My great-grandmother died of breast cancer. I never knew her, but my father always referred to her as a saint. As a boy, he remembers her walking to his school each day for lunch and bringing a hot meal for he and his brother. When she was diagnosed with breast cancer in the early part of the 1950s, my father said he could remember her walking up and down the halls in writhing in pain. His mother, my grandmother, succumbed to pancreatic cancer in 1983 and his wife, my mom, died of ovarian cancer in 1996. Cancer runs in my family and I have a daughter, a niece and a sister. I give money to charities in the hope that a cure will be found. I annually give to a friend’s team who participates in Susan G. Komen Race for the Cure® (notice the trademark).
Unfortunately, like all successful businesses, greed can get in the way of an important cause.
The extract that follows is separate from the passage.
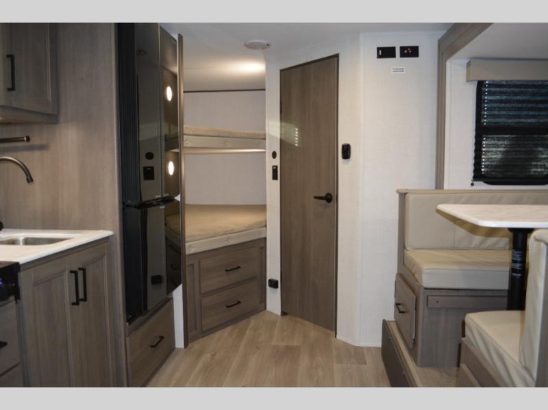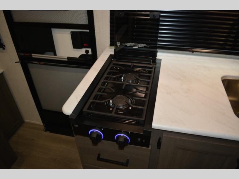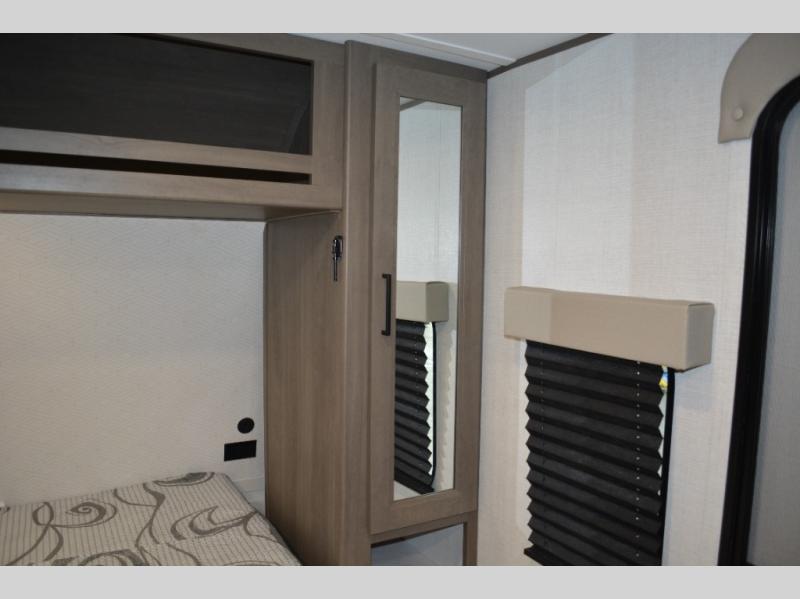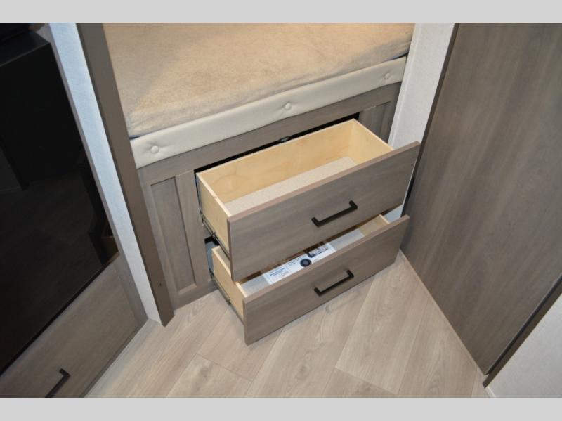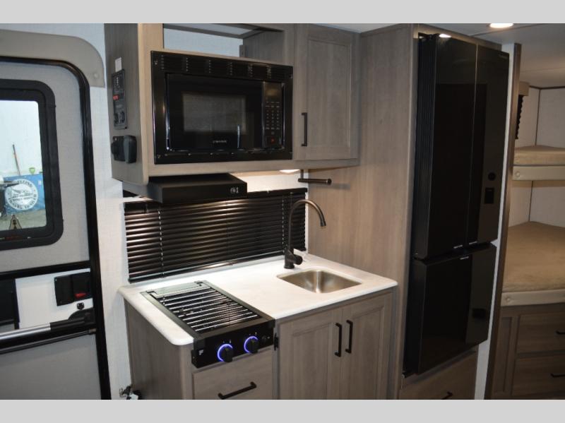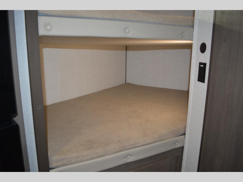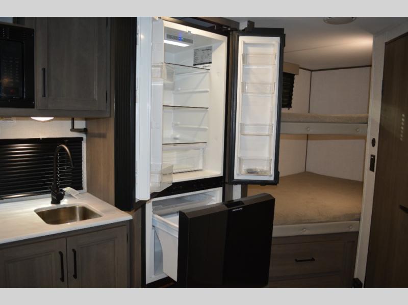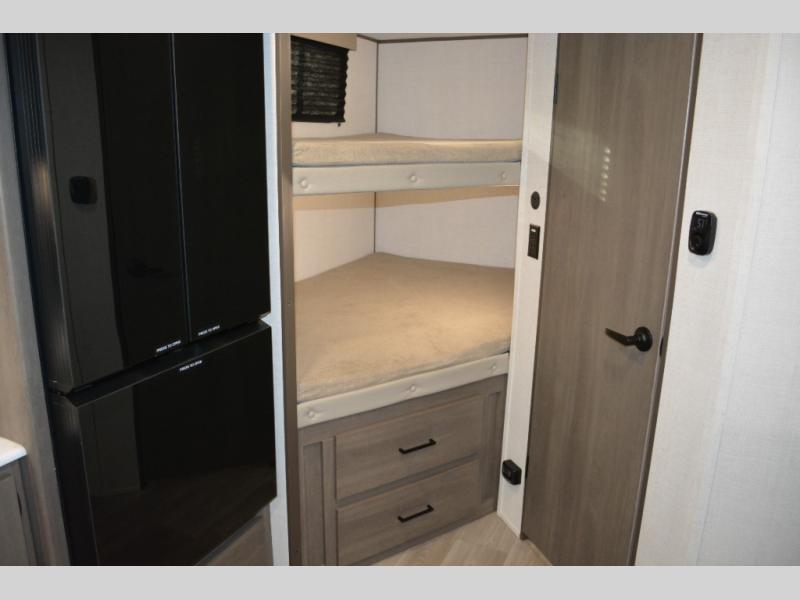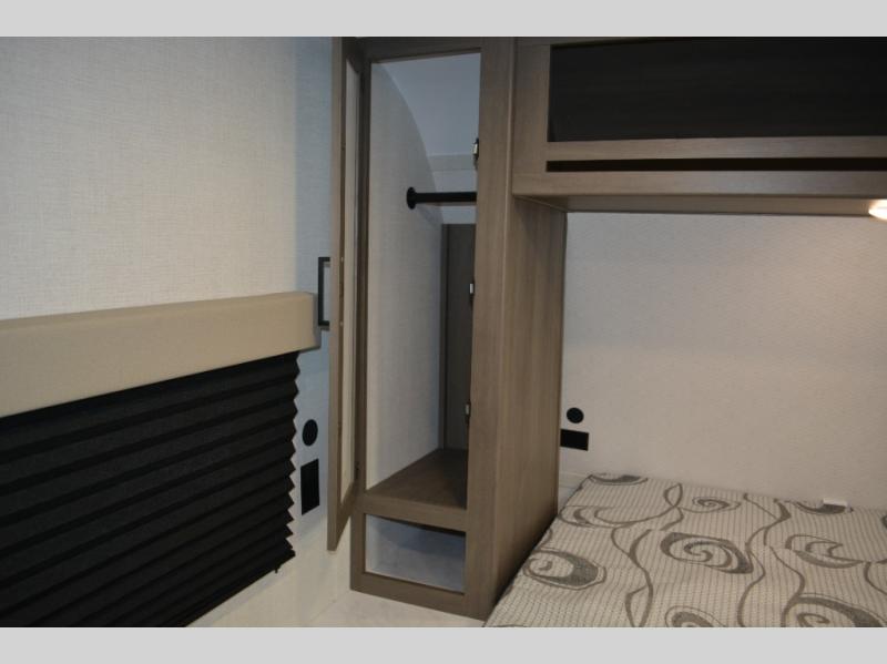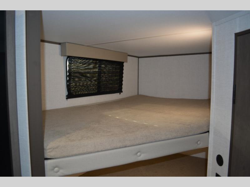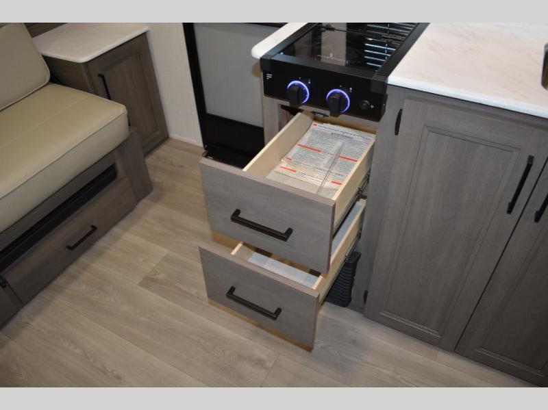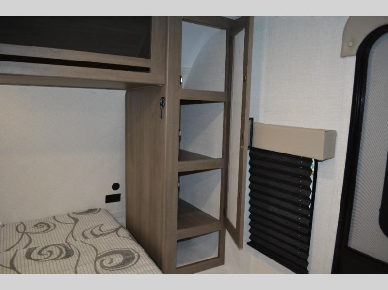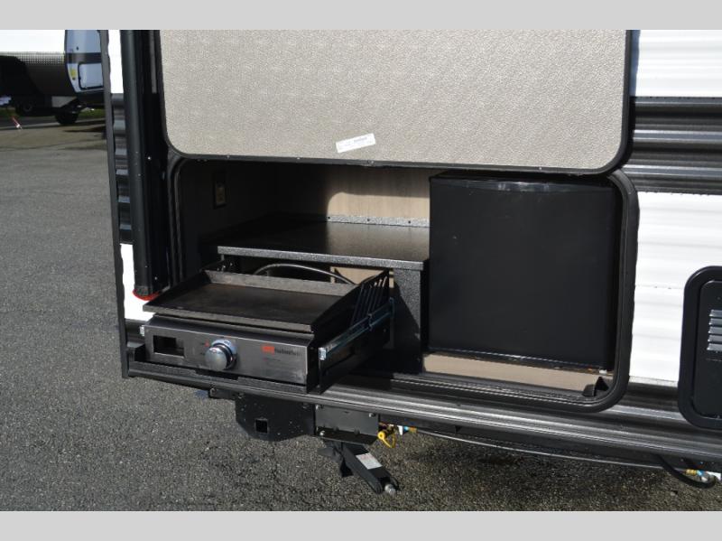 Spacious and versatile, this travel trailer is perfect for weekend trips to the campground or weeklong visits to the lake! There is a front Murphy bed with storage on both sides plus a pull-out pet drawer to keep your furry friends happy. Your guests or little ones will love the double-size bunks with privacy curtains, and the full bath is right next to the bunks for easy nighttime use. Once you make breakfast on the two burner range, you can dine at the booth dinette slide. And this model also includes an outdoor griddle and refrigerator if you want to make breakfast outdoors. Additional exterior features include a 16' power awning, an interior/exterior table, and a pass-thru storage for larger camp gear.

Over the past several years, Susan G. Komen Race for the Cure® has aggressively been going after nonprofits who dare to use the term “for the cure.”
According to writer Laura Bassett with the Huffington Post, “So far, Komen has identified and filed legal trademark oppositions against more than a hundred of these Mom and Pop charities, including Kites for a Cure, Par for The Cure, Surfing for a Cure and Cupcakes for a Cure–and many of the organizations are too small and underfunded to hold their ground.”
“It happened to my family,” said Roxanne Donovan, whose sister runs Kites for a Cure, a family kite-flying event that raises money for lung cancer research. “They came after us ferociously with a big law firm. They said they own ‘cure’ in a name and we had to stop using it, even though we were raising money for an entirely different cause.”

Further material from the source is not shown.